Rats Nest bypassing component

I would draw the power section like this:

  1. It keeps to the convention of signals (power) flowing from left to right.
  2. It follows the convention of voltages going from top to bottom.
  3. It keeps the symbols non rotated.
  4. It puts the power conditioning right at the input connector, so you see quickly how it works.
  5. I put the power flags right on top of the power symbols. I am not sure yet if I keep doing that, but it sure does save some space.
  6. Note: I put the +12V power symbol on the other side of the fuse.
  7. Now you can use the +12V power symbol to directly connect to your arduino (and on other locations). In your circuit, Z1 and Z2 also connect to +12V, but they are not protected against reverse voltage by the fuse / diode combination.

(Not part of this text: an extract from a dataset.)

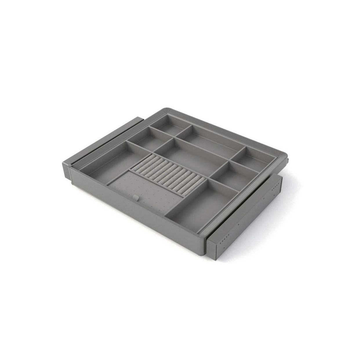 - Kit composé d'un tiroir organisateur et d'un cadre avec des glissières réglables en largeur pour des modules de 60 cm.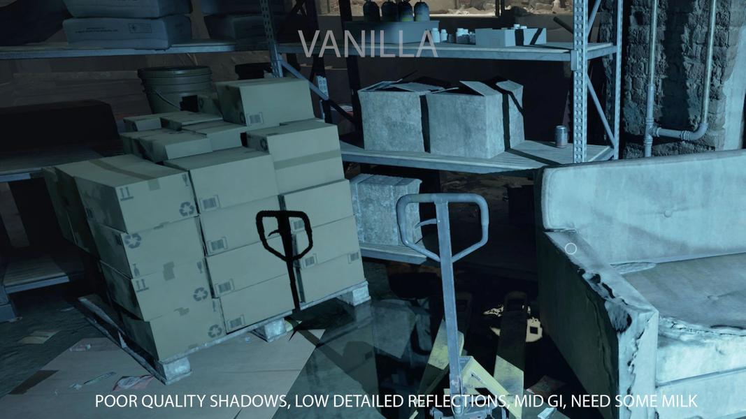 Модификация улучшает глобальное освещение, тени и отражения, делая их более плавными и реалистичными. Также доработаны солнечные лучи (God Rays) — теперь они выглядят детализированнее и кинематографичнее.

Mistake or intentional?
  8. Because all power conditioning stuff is now a small block, it’s easy to move to a convenient place later when your schematic gets more crowded.

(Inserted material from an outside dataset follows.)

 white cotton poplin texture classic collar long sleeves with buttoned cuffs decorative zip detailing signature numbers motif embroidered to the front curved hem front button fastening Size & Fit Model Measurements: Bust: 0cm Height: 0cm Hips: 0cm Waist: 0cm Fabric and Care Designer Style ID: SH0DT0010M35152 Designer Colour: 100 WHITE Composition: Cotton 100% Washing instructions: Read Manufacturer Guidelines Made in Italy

Nice, thank you so much for time and help. My plan was to add capacitors to each of the stepper motor drivers (Z1 & Z2) too. Don’t know if it’s needed though. Other boards use it like so.

By drawing the power section like you did, will using the +12V symbol (and net) anywhere on the schematic now give me the benefit of the fuse, diode and capacitor, am I right ?

My plan is though to step down 12V to 7.2V and 5V for use my PCB. The 5V will be powering the nano and 7.2 will power a camera.

Yes. You can also additionally use net labels (hotkey L) to mark special nets. For example the wire between your input connector and the fuse could be labled “+12V_INPUT” or something like this. If you open the schematics setup dialog (right beside the “save” symbol") you can also assign netclasses, like “power”, “high speed”, “LED” or whatever you like. If you assign colors to those net classes you also have an instant impression what type of nets are where on your schematics. Can help greatly with bigger designs, you at you own discretion. Might be looking something like this:

Edit: For the caps on the stepper drivers: follow the instructions in the data sheet or the/a reference design until you are definitely sure you know, what you are doing.

The Nano already has a linear regulator from Vin to its 5V rail so you could power it from 12V, or the 7.2V rail if you prefer to transfer the dissipation to the 12V – 7.2V regulator.

Yeah, I know, I wanted to 1. Not put load on the nano regulator and 2. Learn about creating a voltage regulator circuit.

Did not think about the option to power both camera and nano of the 7.2 volt though. That might be worth doing.